(Cette critique peut d'abord sembler plutôt négative mais c'est simplement que je dois expliquer ce qui m'énerve de ce livre avant d'en arriver à dire pourquoi au final c'est un très bon essai.)
Cet essai de l'historien et sociologie
Gérard Bouchard se veut une plongée dans l'histoire de l'histoire nationale du Québec. En gros, dans un premier temps, il analyse de quelle façon l'Histoire du Québec a été enseignée à l'école primaire et secondaire depuis le 19e siècle. Puis, il offre sa propre vision de comment elle devrait être enseignée.
Il tente de trouver une voie qui, entre autres, se conjugue bien à
l'interculturalisme.
Pour les Français :
l'interculturalisme est la théorie la plus connue de Bouchard. C'est elle qui sert de doctrine officielle pour l'intégration des immigrants au Québec. Cette approche cherche à trouver un équilibre entre le multiculturalisme Anglo-Saxon, et la nécessité d'une certaine protection culturelle pour un Québec noyé dans la culture canado-américaine. Dans la pratique, ce n'est pas toujours réussi, mais la théorie est bien.
Il tente ici de faire un travail d'équilibriste semblable :
1- Éviter que les cours d'histoire deviennent des séances d'endoctrinement à Gloire de la PatrieNaN.
2- Inculquer tout de même un certain sens de la nation. Bouchard n'apprécie pas les cours qui suivent le modèle "éducation à la citoyenneté" parce qu'à son avis, il est impossible de vouloir améliorer sa communauté, ou de travailler sur un projet de société, sans aimer sa nation. (Ici, je suis en désaccord.
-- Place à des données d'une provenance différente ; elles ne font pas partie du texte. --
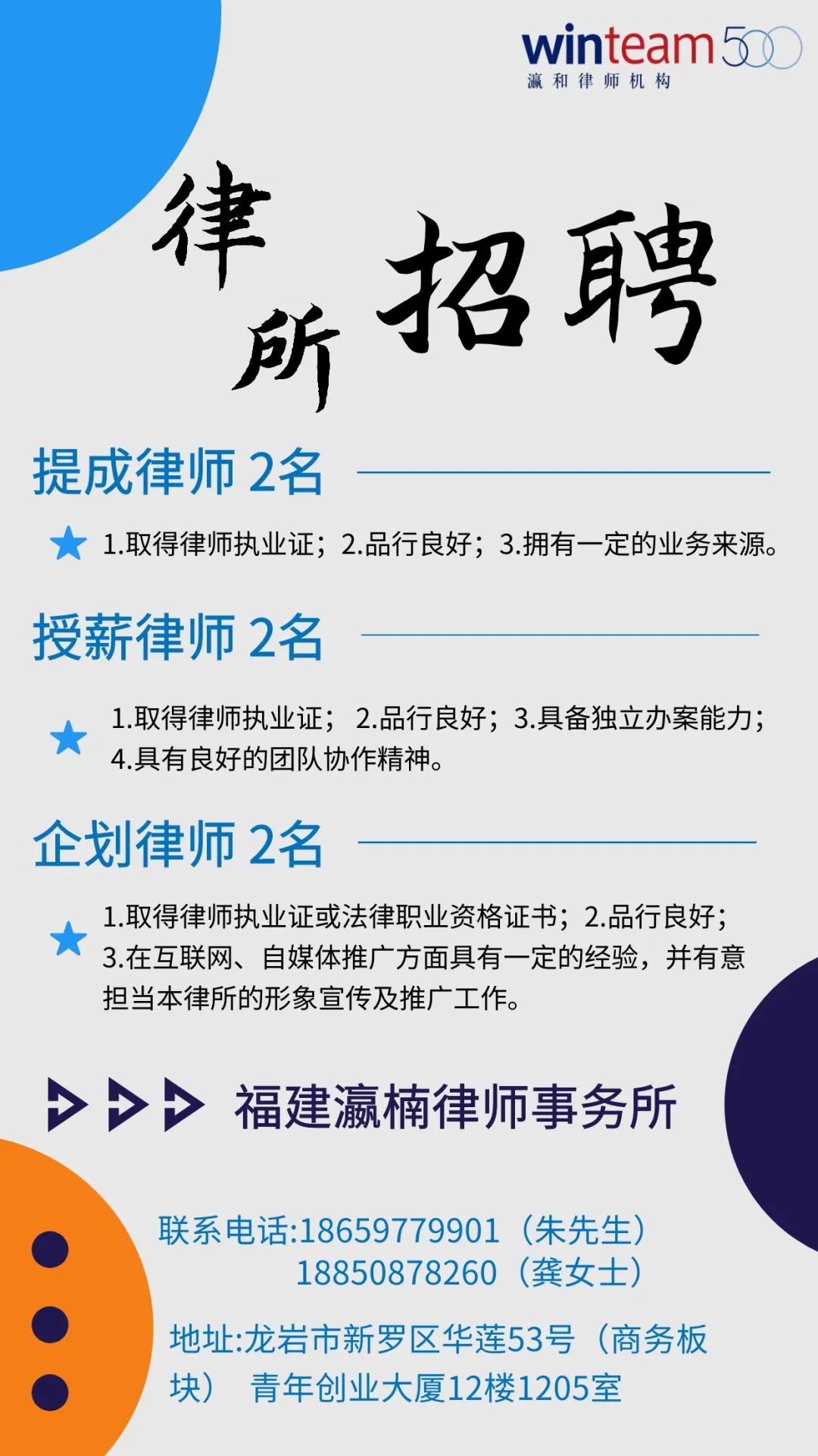 招聘|福建瀛楠律师事务所招聘
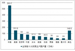 2017年全球前十大炭黑生產(chǎn)國(guó)產(chǎn)量對(duì)比
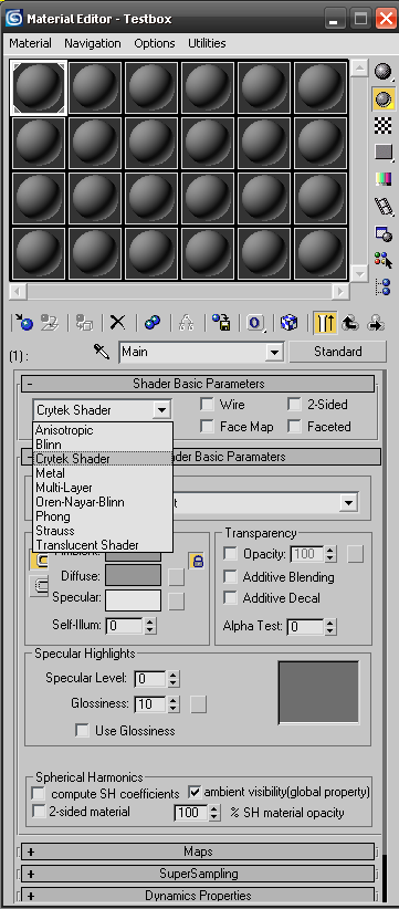 - Open each submaterial and in the “Shader Basic Parameters” rollout change the shader type to “Crytek Shader”. You should only use Crytek Shader for your objects. The other shader types will not work correctly when exported. If you have troubles here, please check that your plugins are all installed correctly.

Et puisqu'il ne cite aucune étude qui appuierait cette thèse, je vais simplement hausser les épaules. le projet qu'il propose à partir de cette thèse reste tout de même intéressant.)
Une autre critique que je ferais à la section plus empirique du livre est la suivante : son analyse dernière que la nation est presque complètement ignorée des manuels d'histoire du Québec depuis les années 1960. C'est ce qui le dérange, c'est la raison pourquoi il écrit cet essai. Sauf qu'il mentionne quelque part, au passage, sans y revenir, que 95% des professeurs d'histoire sondés admettent que la nation reste tout de même le fil conducteur qu'ils donnent à leur cours tout le long de l'année scolaire.
M'enfin, ça commence à sonner comme un problème imaginaire.
Je fais une autre parenthèse nécessaire ici : Les travaux de Bouchard des 20 dernières années tournent autour des mythes nationaux. C'est quoi ça? En gros, ce sont ces histoires (pas nécessairement fictives) qui ancrent des valeurs profondément au coeur des citoyens d'une nation. Pensez Jeanne D'Arc ou la Révolution pour la France. La Conquête ou la Grande Noirceur pour le Québec.
Ce que propose Bouchard ici pour fonder une histoire du Québec pluraliste est de miser sur ces mythes particuliers de notre histoire qui ont des visées universalistes. L'égalité est une valeur que partagent la France, les USA et le Québec par exemple. Mais les mythes de ces trois nations divergent au point où le mot ne veut pas dire la même chose dans ces trois lieux. On parlerait d'égalité des chances (sur la ligne de départ) aux USA, d'égalité des droits en France et d'égalité sociale au Québec.
Le fil conducteur d'une telle histoire du Québec serait donc le suivant : la lutte.
La lutte contre l'oppression, la lutte contre l'assimilation, la lutte contre l'injustice. Cette approche permettrait à la fois de (A) mettre de l'avant le Québec lorsqu'il lutte pour ses idéaux : s'émanciper du clergé, du Canada anglais, des capitaux américains, de la couronne britannique. Et (B) dénoncer ces moments où le Québec n'a pas été à la hauteur de ces idéaux. Où il s'est lui-même fait l'oppresseur des minorités, des autochtones ou même de ses minorités anglophones.
Cette approche n'aurait pas à mentir pour rendre la nation plus belle. Elle demanderait d'aimer la nation conditionnement à ce qu'elle soit à la hauteur de ses propres idéaux. Et c'est ensuite notre travail à tous de s'assurer qu'elle le soit.